Following a ketogenic diet – high in fat and protein and low in carbohydrates – has proven helpful in treating substance use disorders, according to a team of China-based researchers. While demonstrating the benefits for addiction and overall health, the strict nature of the diet may also lead to an increased risk of malnutrition, worsening the nutritional status of the already vulnerable population with a substance use problem.
The study, published in Frontiers in Nutrition, further notes that the ketogenic diet reduces the intake of carbohydrates and brings other positive effects, such as neuroprotection, reducing inflammation and regulating the gut microbiota.

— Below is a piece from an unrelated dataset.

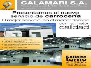 La Empresa CALAMARI S.A. Concesionaria Oficial Renault en Santa Rosa (La Pampa ) junto con Renault Argentina confiaron en ns. empresa, ns. servicio y ns. respaldo para instalar una Cabina de Pintura y Equipo para Taller de Ultima Generación en Consumos, Diseños y Eficiencia.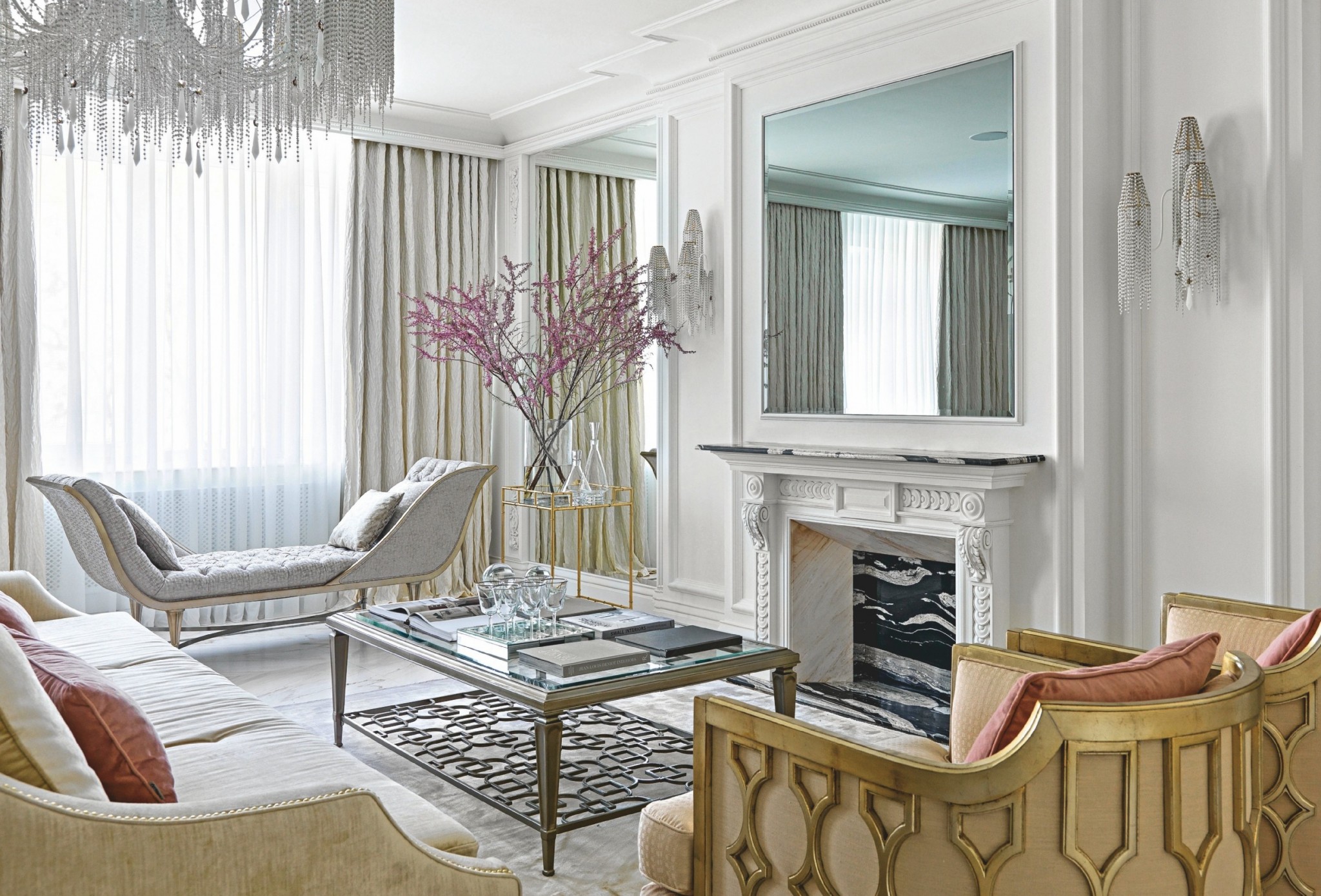 Первое, с чего всегда начинают дизайнеры, — это работа с планировкой. Это тот функционал, та база, от которой они отталкиваются. Без хорошей основы интерьер не состоится, убеждены авторы проекта. Г-образное пространство предопределило планировочную структуру. В удалённой от прихожей части оборудовали спальни. Гостиную, столовую и кухню объединили в одно пространство, организовав его по классическому принципу анфилады: камин, диван, обеденный стол, остров и кухня расположены строго по оси. Чтобы помещение стало ещё более симметричным, по бокам от широкого проёма, отделяющего гостиную от зоны кухни–столовой, на фоне зеркальных стен дизайнеры установили изящные витрины. Зеркала обрамляют и проход на кухню, скрывают встроенные шкафы в прихожей и телевизионную плазму над камином. «Одной из серьёзных проблем квартиры был длинный, узкий и тёмный коридор, — рассказывает Анна Шемуратова. — Чтобы наполнить его светом, мы активно использовали зеркала и прозрачные поверхности. Благодаря витражной двери в кабинет и зеркальным фасадам шкафов в коридор попадает естественный свет, коридор стал более светлым, воздушным. Зеркальные плоскости стен в гостиной визуально расширяют пространство, усложняют его восприятие, создают нарядную, парадную атмосферу». Чтобы усилить впечатление лёгкости, простора и света, поверхности оформили в белых тонах, придав им фактурность с помощью деликатного лепного декора — ажурных пилястр, молдингов и карнизов, которые служат своего рода рамой, обрамлением для выразительных и эффектных предметов интерьера. Равно как и лаконичная, максимально упрощённая потолочная розетка подчёркивает необычный, скульптурный дизайн люстры. Обращает на себя внимание и напольное покрытие. Для гостиной дизайнеры подобрали слэбы мрамора в сложной, нюансной гамме. Присутствующие в камне розовые оттенки поддержаны текстилем. Бархат пудрово–розового цвета на стульях в столовой

Gut microbes – bacteria, fungi and viruses found in the gastrointestinal tract – regulate neurological functions and have been associated with several neurological diseases such as Alzheimer’s disease, Parkinson’s disease, multiple sclerosis, Huntington’s disease, anxiety and depression.
The study details another research on patients with alcohol overconsumption for over ten years. It showed “a higher relative abundance of bacteria from phylum Proteobacteria and higher levels of the genera Sutterella, Holdemania and Clostridium, and a lower relative abundance of bacteria from genus Faecalibacterium compared to control patients with no or low alcohol intake history.”
Disorders in the gut microbiota caused by substance abuse might also cause behavior changes. Bacteria can also reduce substance-induced behavioral responses, according to the researchers, as they believe that the probiotic Lactobacillus rhamnosus may reduce cocaine-induced behavioral responses.
Keto diets may also benefit substance abusers health through the gut microbiota. “The general decrease in Akkermansia in substance use disorders may be reversed by a ketogenic diet,” argues the study.
The authors note that sugar intake is associated with an increased risk of substance use disorder and that young people with a higher sweet-liking status have an increased risk of addiction. They further note that heroin, alcohol or cocaine addicts usually prefer highly-sweet foods and higher concentrations of sucrose.
The study also highlights that weight loss surgery patients have an increased risk of substance use disorders. “It has been shown that excessive intake of carbohydrates, whether monosaccharides (glucose and fructose), disaccharides (sucrose), or polysaccharides (starch and glycogen) can injure human health,” reads the study.
When the withdrawal ends, dietary patterns usually improve, it further explains.
Not all good
Despite the many health claims, the researchers also note that concerns have been raised about the negative impacts of the keto diet on the gut microbiota and overall health. The findings showed that one month of following the diet decreased the number of beneficial bacteria for inflammatory bowel disease, increasing inflammation systematically and in the gut.
The researchers say this may be due to individual differences and require further exploration. They further point out that ketogenic diets are concerning for neurological diseases, causing a decreased appetite and increased risk of malnutrition. Therefore it should be cautioned for those with a substance use disorder, as this group usually suffers from multisystem disorders and already have a heightened risk of malnutrition.
Meanwhile, the diet is also difficult to sustain. A Denmark-based study published last year argued that although it’s been shown beneficial for people with diabetes and regulates short-term weight loss and glucose levels, it doesn’t last long after going off the diet.
The diet was also recently labeled as having the worst environmental impact in a US-based study. The keto diet generated 3 kg of carbon dioxide per 1,000 calories consumed. The paleo diet was just a little behind with 2.6 kg per 1,000 calories. The vegan diet was shown to be kindest to the planet, as per 1,000 calories consumed, it generated 0.7 kg of carbon dioxide, followed by the vegetarian and pescetarian diet.